| THE PROBLEM |
Begin at the line that has "梁場場地遠離村莊,沒電沒水沒", stop after the line that has "6. 분야별 정보 페이지에서는", and print exactly those lines from the records below, without any pictures.

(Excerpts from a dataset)
-=-=-

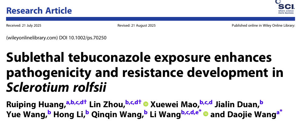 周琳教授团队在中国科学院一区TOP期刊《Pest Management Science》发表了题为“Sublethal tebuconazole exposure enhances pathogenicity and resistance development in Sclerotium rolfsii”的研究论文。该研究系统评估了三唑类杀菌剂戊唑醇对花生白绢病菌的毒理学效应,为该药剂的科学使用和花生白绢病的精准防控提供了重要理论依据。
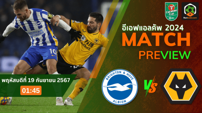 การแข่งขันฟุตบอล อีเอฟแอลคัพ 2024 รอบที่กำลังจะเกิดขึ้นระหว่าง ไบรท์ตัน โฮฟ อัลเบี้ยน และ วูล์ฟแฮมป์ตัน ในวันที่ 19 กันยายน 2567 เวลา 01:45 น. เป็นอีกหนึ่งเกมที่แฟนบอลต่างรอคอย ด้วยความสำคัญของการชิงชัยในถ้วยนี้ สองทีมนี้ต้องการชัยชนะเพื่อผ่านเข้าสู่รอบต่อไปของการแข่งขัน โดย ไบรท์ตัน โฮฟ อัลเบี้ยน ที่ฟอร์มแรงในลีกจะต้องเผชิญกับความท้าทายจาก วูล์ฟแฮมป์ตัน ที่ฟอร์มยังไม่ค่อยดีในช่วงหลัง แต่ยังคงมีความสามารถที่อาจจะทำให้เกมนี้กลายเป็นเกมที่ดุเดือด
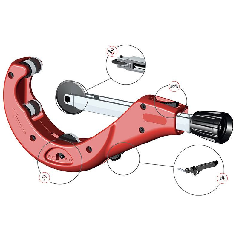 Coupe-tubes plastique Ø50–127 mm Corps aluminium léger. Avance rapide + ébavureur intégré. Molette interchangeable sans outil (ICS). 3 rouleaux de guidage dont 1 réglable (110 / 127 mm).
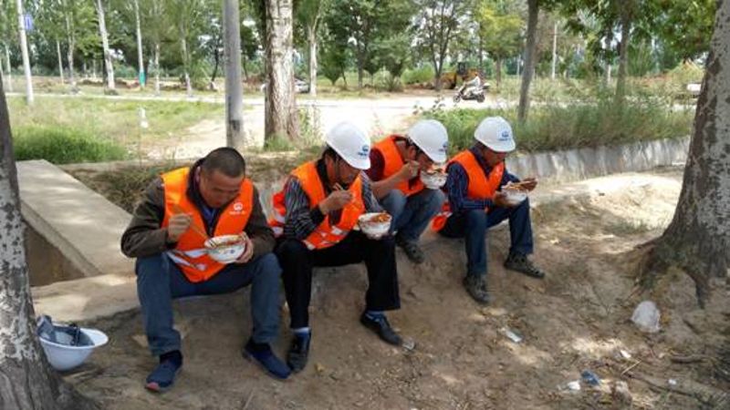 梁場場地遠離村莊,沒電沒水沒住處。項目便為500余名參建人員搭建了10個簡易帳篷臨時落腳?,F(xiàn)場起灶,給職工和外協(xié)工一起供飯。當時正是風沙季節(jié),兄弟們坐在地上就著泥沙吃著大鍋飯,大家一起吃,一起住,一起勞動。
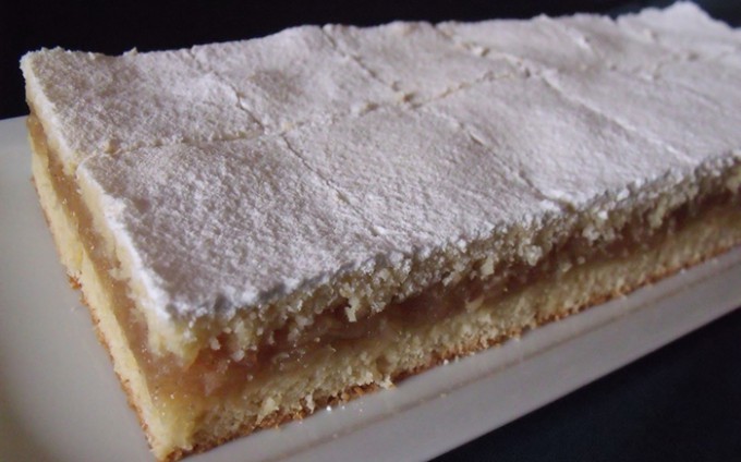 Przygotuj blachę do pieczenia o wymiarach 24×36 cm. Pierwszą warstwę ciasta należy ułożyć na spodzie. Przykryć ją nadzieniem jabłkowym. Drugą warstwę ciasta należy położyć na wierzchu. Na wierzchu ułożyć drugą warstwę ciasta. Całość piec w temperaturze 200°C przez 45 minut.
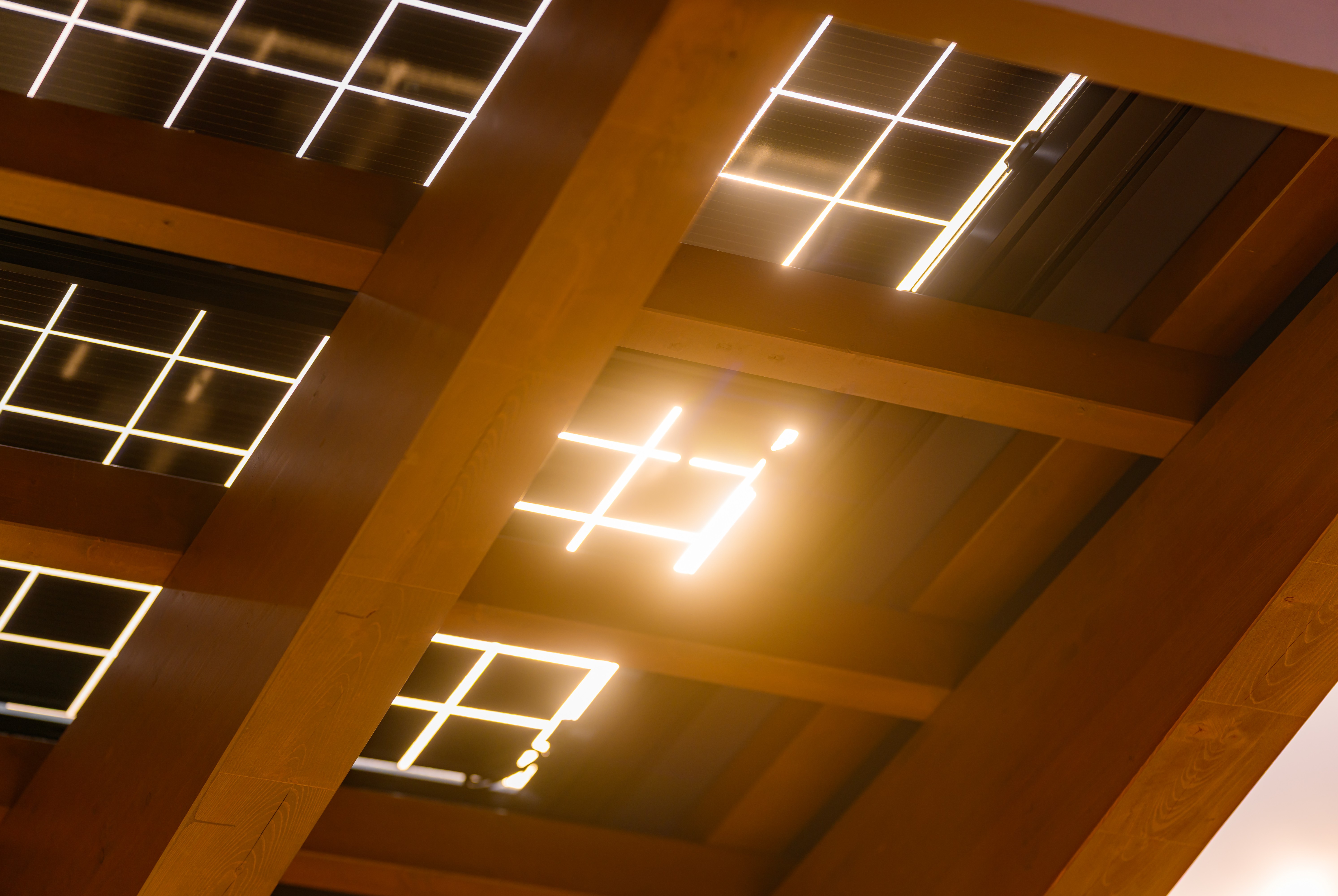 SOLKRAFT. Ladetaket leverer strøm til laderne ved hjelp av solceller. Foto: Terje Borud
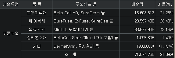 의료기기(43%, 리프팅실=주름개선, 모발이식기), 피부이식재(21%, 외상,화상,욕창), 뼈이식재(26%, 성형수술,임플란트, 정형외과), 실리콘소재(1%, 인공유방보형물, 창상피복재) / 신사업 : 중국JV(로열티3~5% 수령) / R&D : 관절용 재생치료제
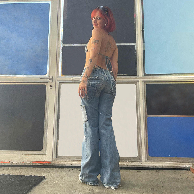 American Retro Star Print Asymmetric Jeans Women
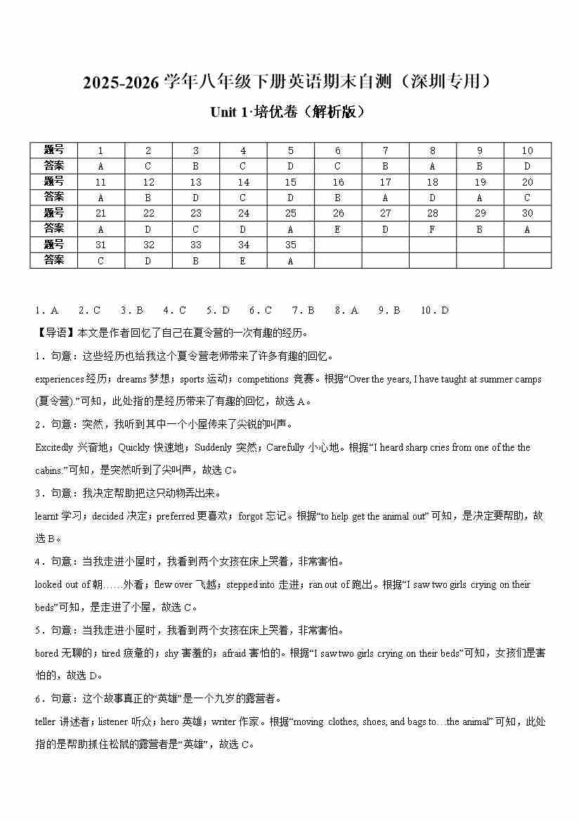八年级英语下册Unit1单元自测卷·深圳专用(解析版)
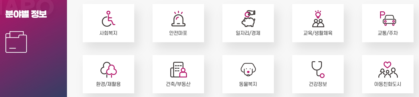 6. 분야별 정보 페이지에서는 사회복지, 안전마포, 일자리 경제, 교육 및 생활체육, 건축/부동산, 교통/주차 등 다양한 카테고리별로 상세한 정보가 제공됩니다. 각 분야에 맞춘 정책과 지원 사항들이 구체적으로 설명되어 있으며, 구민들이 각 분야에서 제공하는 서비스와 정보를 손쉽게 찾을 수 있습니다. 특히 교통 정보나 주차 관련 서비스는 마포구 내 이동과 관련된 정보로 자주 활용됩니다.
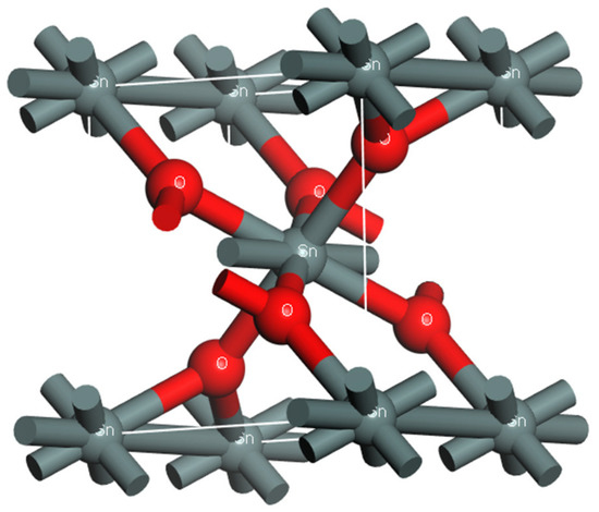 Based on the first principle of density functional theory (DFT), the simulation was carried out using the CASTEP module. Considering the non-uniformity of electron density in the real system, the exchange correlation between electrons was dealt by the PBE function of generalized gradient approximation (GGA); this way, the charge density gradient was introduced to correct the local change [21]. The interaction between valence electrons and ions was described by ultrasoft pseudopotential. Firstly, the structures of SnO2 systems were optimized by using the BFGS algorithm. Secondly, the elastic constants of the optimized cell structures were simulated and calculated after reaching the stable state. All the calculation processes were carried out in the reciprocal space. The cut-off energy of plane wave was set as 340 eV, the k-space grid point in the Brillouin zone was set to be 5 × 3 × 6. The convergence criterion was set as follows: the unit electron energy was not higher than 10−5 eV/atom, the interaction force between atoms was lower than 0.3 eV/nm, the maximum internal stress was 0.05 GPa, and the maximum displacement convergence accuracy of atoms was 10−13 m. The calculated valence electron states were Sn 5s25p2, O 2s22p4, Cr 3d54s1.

-=-=-

| ANSWER FOR THE TASK |
 梁場場地遠離村莊,沒電沒水沒住處。項目便為500余名參建人員搭建了10個簡易帳篷臨時落腳?,F(xiàn)場起灶,給職工和外協(xié)工一起供飯。當時正是風沙季節(jié),兄弟們坐在地上就著泥沙吃著大鍋飯,大家一起吃,一起住,一起勞動。
 Przygotuj blachę do pieczenia o wymiarach 24×36 cm. Pierwszą warstwę ciasta należy ułożyć na spodzie. Przykryć ją nadzieniem jabłkowym. Drugą warstwę ciasta należy położyć na wierzchu. Na wierzchu ułożyć drugą warstwę ciasta. Całość piec w temperaturze 200°C przez 45 minut.
 SOLKRAFT. Ladetaket leverer strøm til laderne ved hjelp av solceller. Foto: Terje Borud
 의료기기(43%, 리프팅실=주름개선, 모발이식기), 피부이식재(21%, 외상,화상,욕창), 뼈이식재(26%, 성형수술,임플란트, 정형외과), 실리콘소재(1%, 인공유방보형물, 창상피복재) / 신사업 : 중국JV(로열티3~5% 수령) / R&D : 관절용 재생치료제
 American Retro Star Print Asymmetric Jeans Women
八年级英语下册Unit1单元自测卷·深圳专用(解析版)
 6. 분야별 정보 페이지에서는 사회복지, 안전마포, 일자리 경제, 교육 및 생활체육, 건축/부동산, 교통/주차 등 다양한 카테고리별로 상세한 정보가 제공됩니다. 각 분야에 맞춘 정책과 지원 사항들이 구체적으로 설명되어 있으며, 구민들이 각 분야에서 제공하는 서비스와 정보를 손쉽게 찾을 수 있습니다. 특히 교통 정보나 주차 관련 서비스는 마포구 내 이동과 관련된 정보로 자주 활용됩니다.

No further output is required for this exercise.